### Required work
Would you set down the data that follows, word for word, without any pictures?

### Recorded information
......

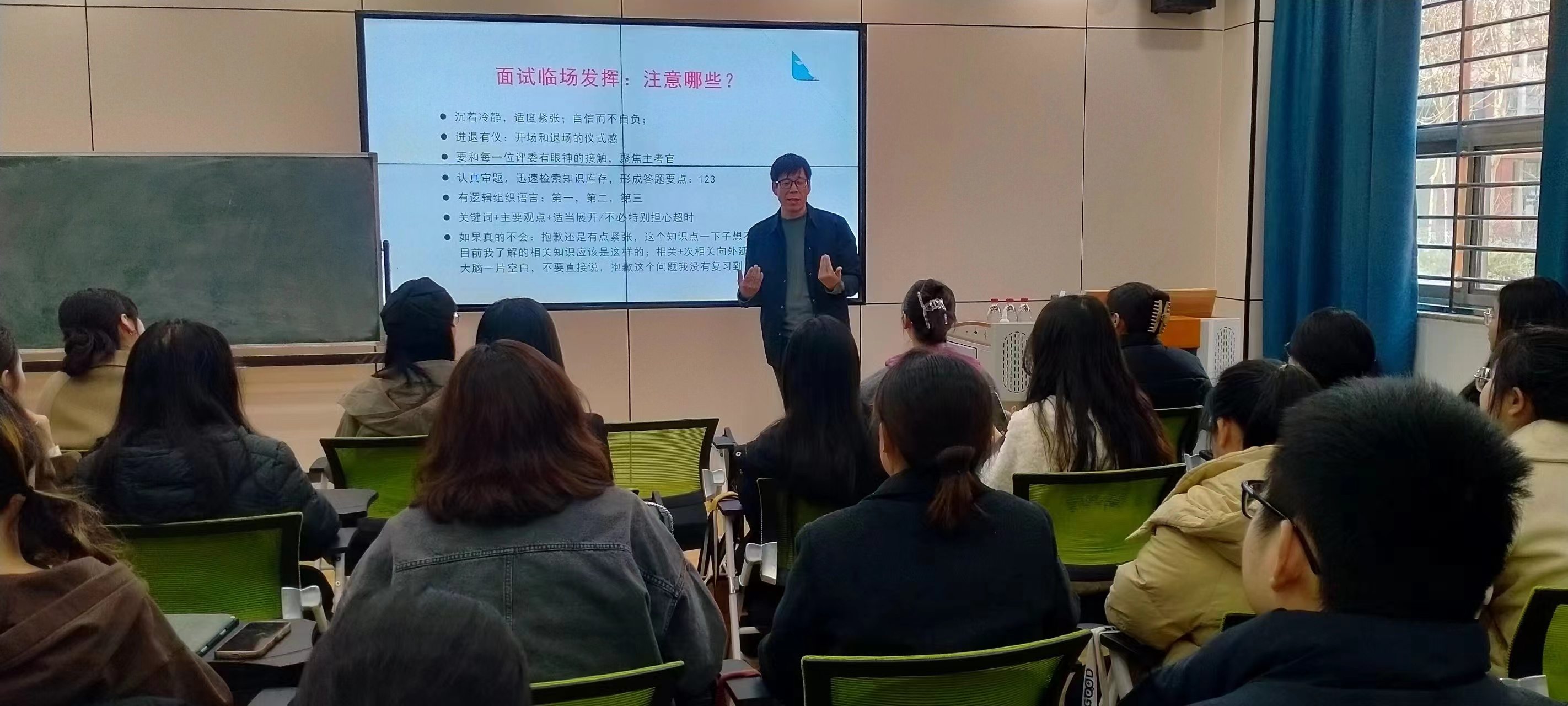 林老师首先对同学们取得的初试成绩表示祝贺,鼓励同学们稳住步伐,打好考研复试信息战、心理战、攻坚战。就同学们关心的复试问题,林老师从为什么要复试、复试是什么、专业知识准备、临场发挥注意事项、面试礼仪及突发状况处理等方面进行了详细讲解,提醒学生们“低头学习、抬头看路”,密切关注招生单位复试信息,有针对性地做好“场景预演式复习”。
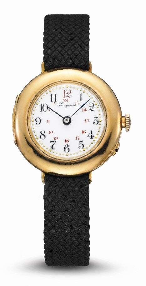 <右:通常ロンジン ミュージアム(サンティミエ)にて展示されるロンジンの現存最古の腕時計(1902年)>
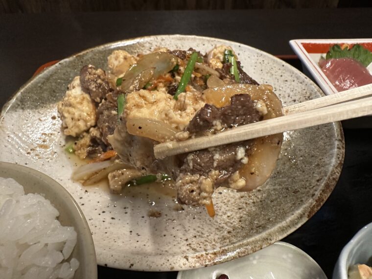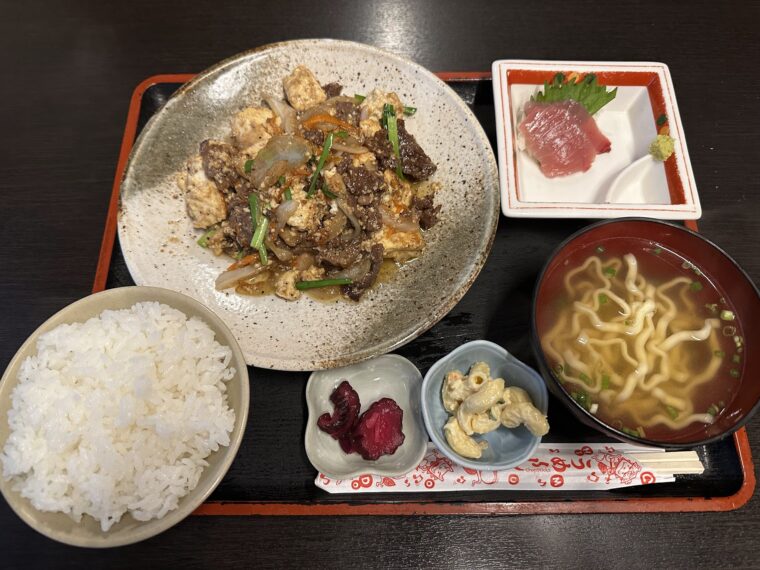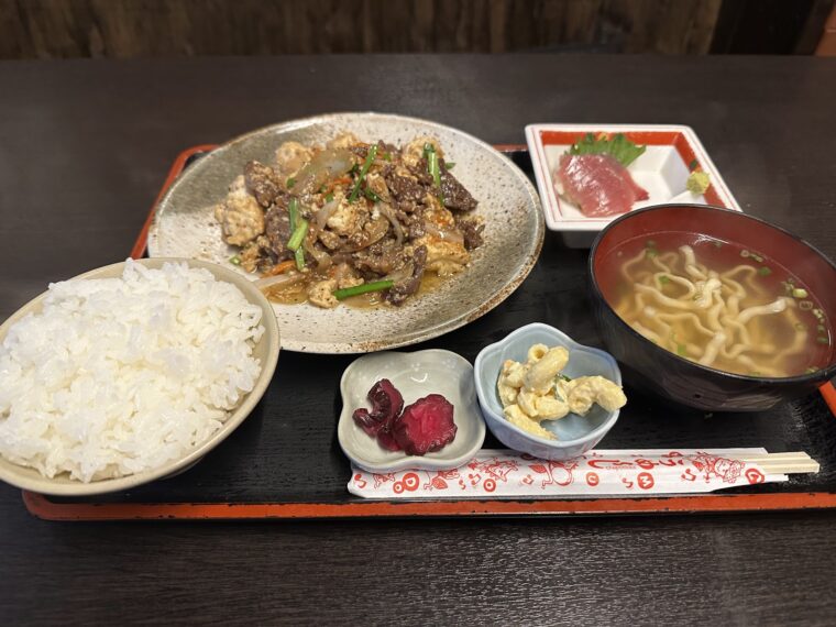 ニンニク香る「牛肉と豆腐のニンニク炒め定食」を沖縄食堂 東雲で

......

### Answer section
 林老师首先对同学们取得的初试成绩表示祝贺,鼓励同学们稳住步伐,打好考研复试信息战、心理战、攻坚战。就同学们关心的复试问题,林老师从为什么要复试、复试是什么、专业知识准备、临场发挥注意事项、面试礼仪及突发状况处理等方面进行了详细讲解,提醒学生们“低头学习、抬头看路”,密切关注招生单位复试信息,有针对性地做好“场景预演式复习”。
 <右:通常ロンジン ミュージアム(サンティミエ)にて展示されるロンジンの現存最古の腕時計(1902年)>
 ニンニク香る「牛肉と豆腐のニンニク炒め定食」を沖縄食堂 東雲で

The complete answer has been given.